Le dilemme est douloureux. Le choix s’annonce draconien. Choisir le livre idoine, assez long pour nous transporter loin et longtemps, et suffisamment léger pour ne pas finir, abandonné, sur une banquette de transit d’un aéroport non francophone.
Parce qu’il y aussi la langue. La langue française est belle, diplomatique, complète et compliquée mais plus du tout universelle. A l’Est de Sion, en Suisse, il n’y a aucune librairie francophone à l’horizon. Il faut pousser jusqu’à Pékin ou Tokyo, ce qui n’est guère pratique.
Tu n’as qu’à lire en anglais, vous entends-je déjà vous exclamer ! Je lis l’anglais. On trouve en effet des livres en anglais au fin fond des confins. Mais je ne retrouve pas cette présence bien connue depuis mon enfance tricolore qui me parle au coucher, qui me dorlote au réveil, qui m’accompagne avant la sieste.
Et ici, le français est tout simplement inexistant. Exotique, certes, mais inexistant. Il y a en tout et pour tout trois endroits dans tout l’océan Pacifique où l’on trouve des livres en français : A Sydney, à Papeete, à Nouméa.
Sur l’île de Sainte-Hélène, il y a une bibliothèque où l’on peut se procurer quelques exemplaires jaunis ; elle ouvre à 14 heures le mardi seulement et ferme à l’heure du thé. A Funafuti, la bibliothèque « nationale » possède un choix considérable pour 11’000 habitants. J’y ai passé des heures studieuses à attendre que la pluie cesse. Mais sinon, rien. Rien à Yap, rien à Palau, rien sur l’île de Lord Howe, rien sur l’île de l’Ascension.

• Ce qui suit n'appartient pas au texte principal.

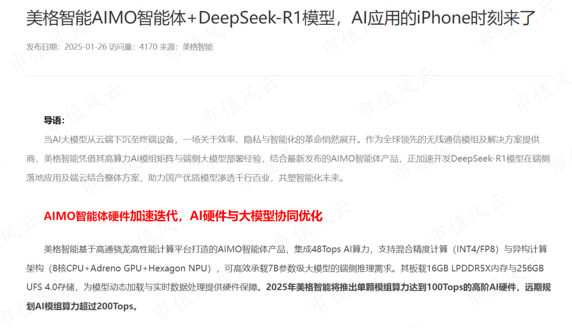 美格智能(002881.SZ),一家专业做模组的上市公司,1月26日在其官网发布一则新闻,其研发团队结合AIMO智能体、高算力AI模组的异构计算能力,结合多款模型量化、部署、功耗优化Know-how,正在加速开发DeepSeek-R1模型在端侧落地应用及端云结合整体方案。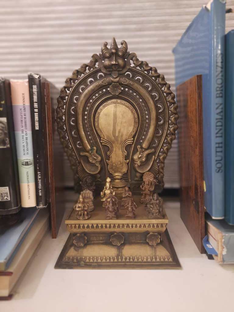 This Kannadi Bimbam with me is modern, and it is a work of art. I first saw Kannadi Bimbam in an article in The Hindu, a newspaper, about fifteen years ago. The idea appealed to me. Since then, I have been looking for one. A dealer from Kerala arranged this for me. It is a new 21st-century item, and it is the most recent bronze in my collection. That does not stop me from giving it the central position on my work desk. See the photo below.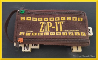 Letters from Zip-It by Bananagrams. Not sure why I have these. Faint memory of getting them when I was part of a writing group. Maybe as writing prompts? Apparently it’s a game. The zipper can be used for a scoreboard. Board Game Geek: Zip-It
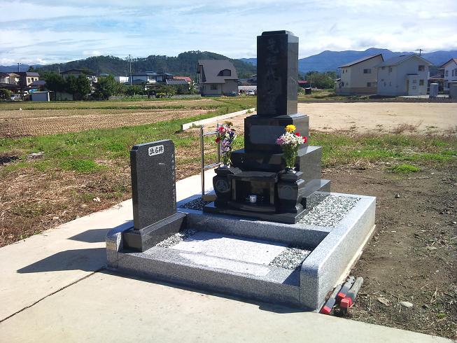 ○シンプル和型 6.0×7.0(尺)シンプルな1尺角の和型石塔です。水の吸い込みが極端に少ない南平黒という石を使用し、お石塔を作りました。雪の多い地方には吸水率の小さい石は特に安心です。山形県米沢市に施工させて頂きました。2010年9月お引き渡し。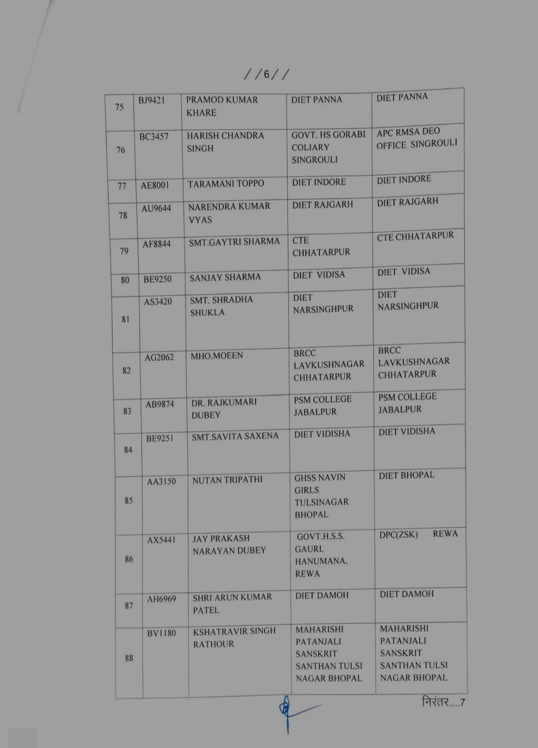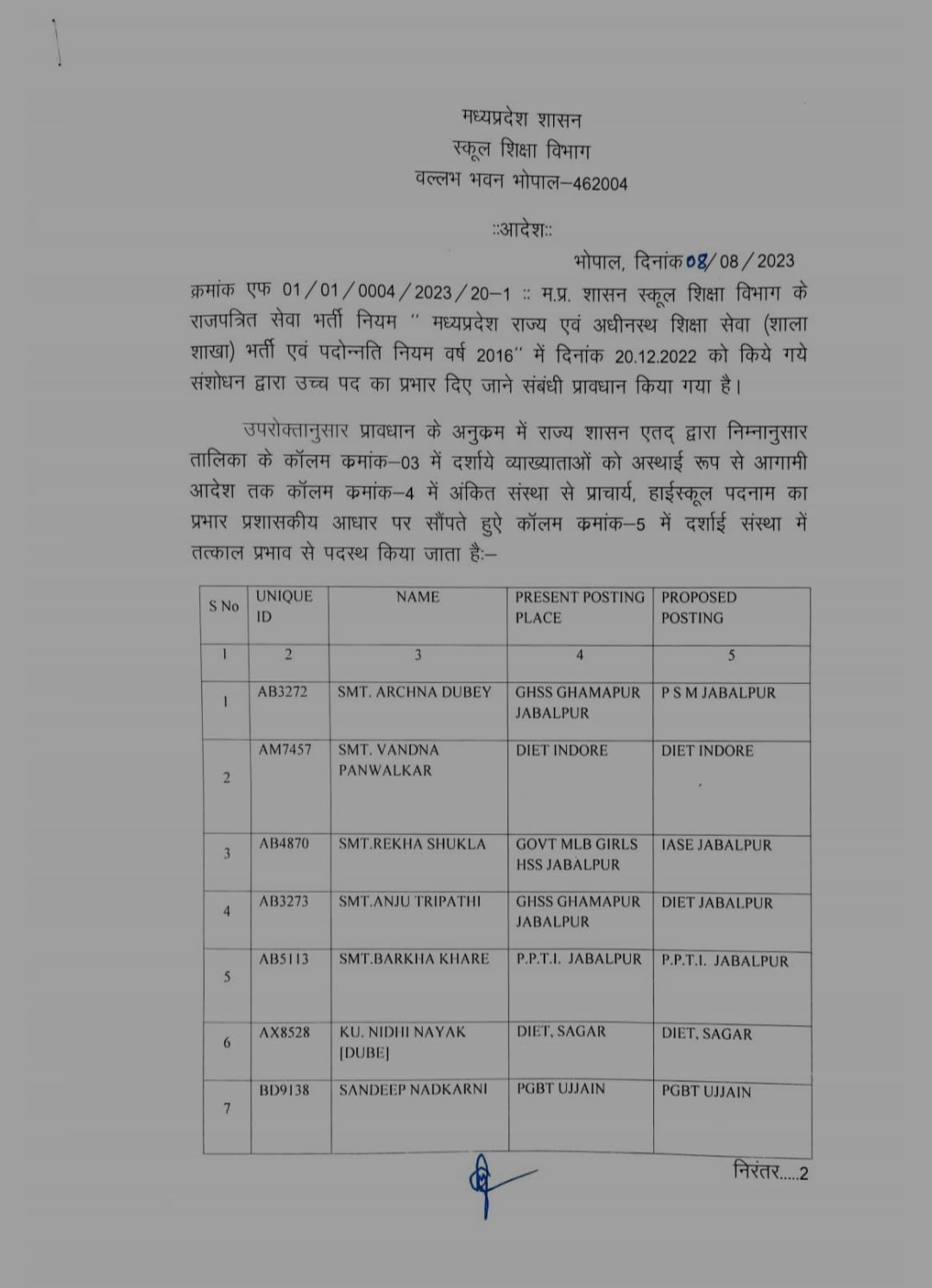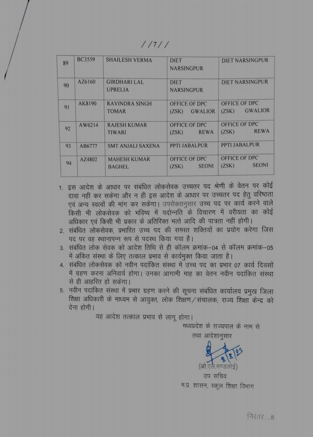 आदेश में कहा गया है कि जिन्हें उच्च पद का प्रभार दिया वे शिक्षा अधिकारी उस पद की शक्तियों का उपयोग कर सकेंगे। जिन्हें प्रभार सौंपा गया है उन्हें आदेश जारी होने की तारीख को तत्काल प्रभाव से कार्यमुक्त किया जाता है, वे 7 कार्यदिवस के अन्दर नवीन पदस्थापना वाले स्थान पर ज्वाइन करें, इसकी सूचना विभागीय प्रमुख को दें, इनका अगले महीने का वेतन नवीन पदस्थापना वाली संस्था से ही निकाला जा सकेगा।
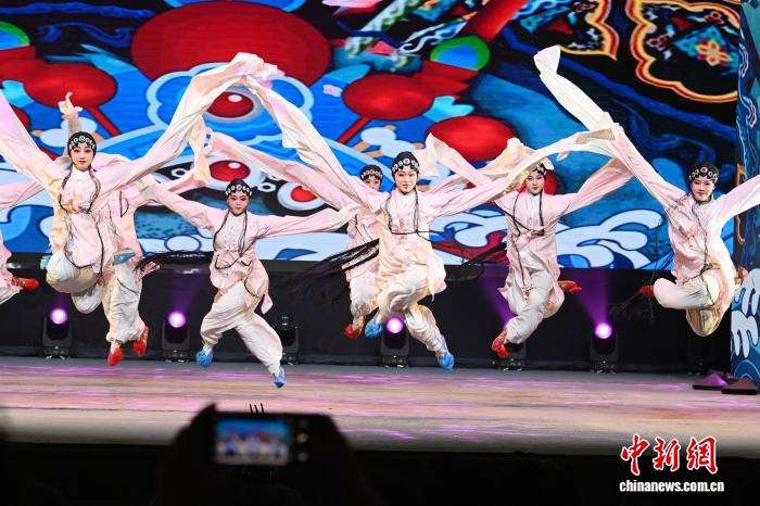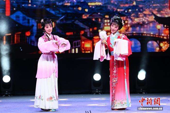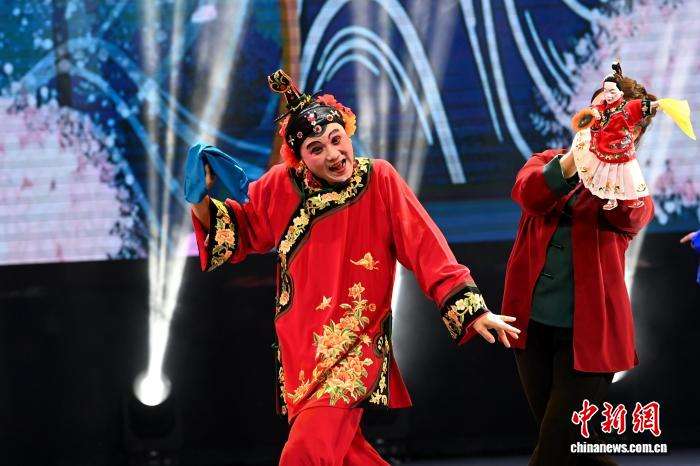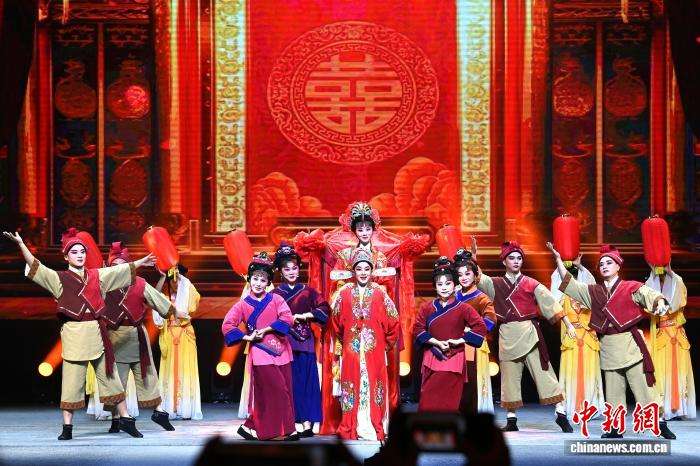 本次活动主题为“戏韵闽南·和合共生”,由中共福建省委宣传部指导;福建省文化和旅游厅、漳州市政府主办。图为戏曲表演《家有喜事两岸亲》。(图片来源:本文图片均来自中新网)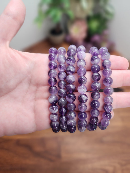 Dream Amethyst Bracelet: 8MM Natural Purple Crystal Beads, Some with Chevron Mountain | Dainty for smaller 6" wrist | Lilac Clear Quartz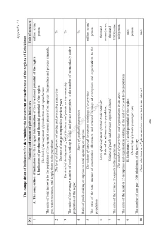 The composition of indicators for determining the investment attractiveness of the regions of Uzbekistan

Moi, j’ai la chance du choix. Je peux trimballer des kilogrammes de littérature si je veux et abandonner derrière vêtements, appareils de photos et brosse à dents. C’est mon problème, et franchement ce n’est pas la mer à boire. Mais les insulaires souffrent de la solitude. Une solitude économique, politique et aussi une solitude du cœur. Ils souffrent également d’un manque de livres, dans les foyers, dans les écoles et dans les Ministères lilliputiens.
J’ai visité des écoles et je peux affirmer ici que le livre y est aussi rare qu’un enseignant en grève ou qu’un adolescent récalcitrant devant le Savoir. La soif d’apprendre est considérable et le livre, cet outil de travail, est aux abonnés absents. A part la Bible, des prospectus touristiques et des rapports de l’ONU, il n’y a pas grand-chose.
Pour eux et pour le nomade, le e-book est donc la solution. Au fil des années, j’en ai vu de plus en plus dans les carlingues et dans les salles d’embarquement. J’ai musardé aujourd’hui dans une de ces grandes surfaces dont le monde entier n’a plus le secret. J’ai regardé le matériel. On peut y stocker 1200 livres, en moyenne. Légers, inodores, pratiques, assez chers. J’entends déjà les nostalgiques du papier récriminer. Je partage leur sentiment : le livre est un objet émotionnel ; il s’offre, il se partage, il traverse les générations, il se dédicace et nous accompagne dans la vie si on l’aime. Et comme le pain, ne se jette pas.
Je suis convaincu que le e-book va trouver sa place dans nos valises et nos métros, mais pas forcément dans nos chaumières et nos jardins. J’ai envie de pouvoir lire les livres écrits par coumarine, Edmée, Petit Belge, Lascavia, bientôt celestine et (qui sait ?) Delphine, et ne pas avoir à choisir lequel des cinq ou six je vais emporter dans mes prochaines pérégrinations.
J’aimerais surtout pouvoir emmener avec moi tous les ouvrages de référence que j’aime et qui me suivent depuis mon adolescence.
Surtout, j’aimerais voir des enfants des îles lire et se nourrir de culture, française ou étrangère. J’aimerais les voir se passionner pour les mots et pour les phrases. S’ouvrir au monde, rêver, imaginer, espérer tout en restant eux-mêmes. En cela, oui, Internet et le e-book ont toute ma considération.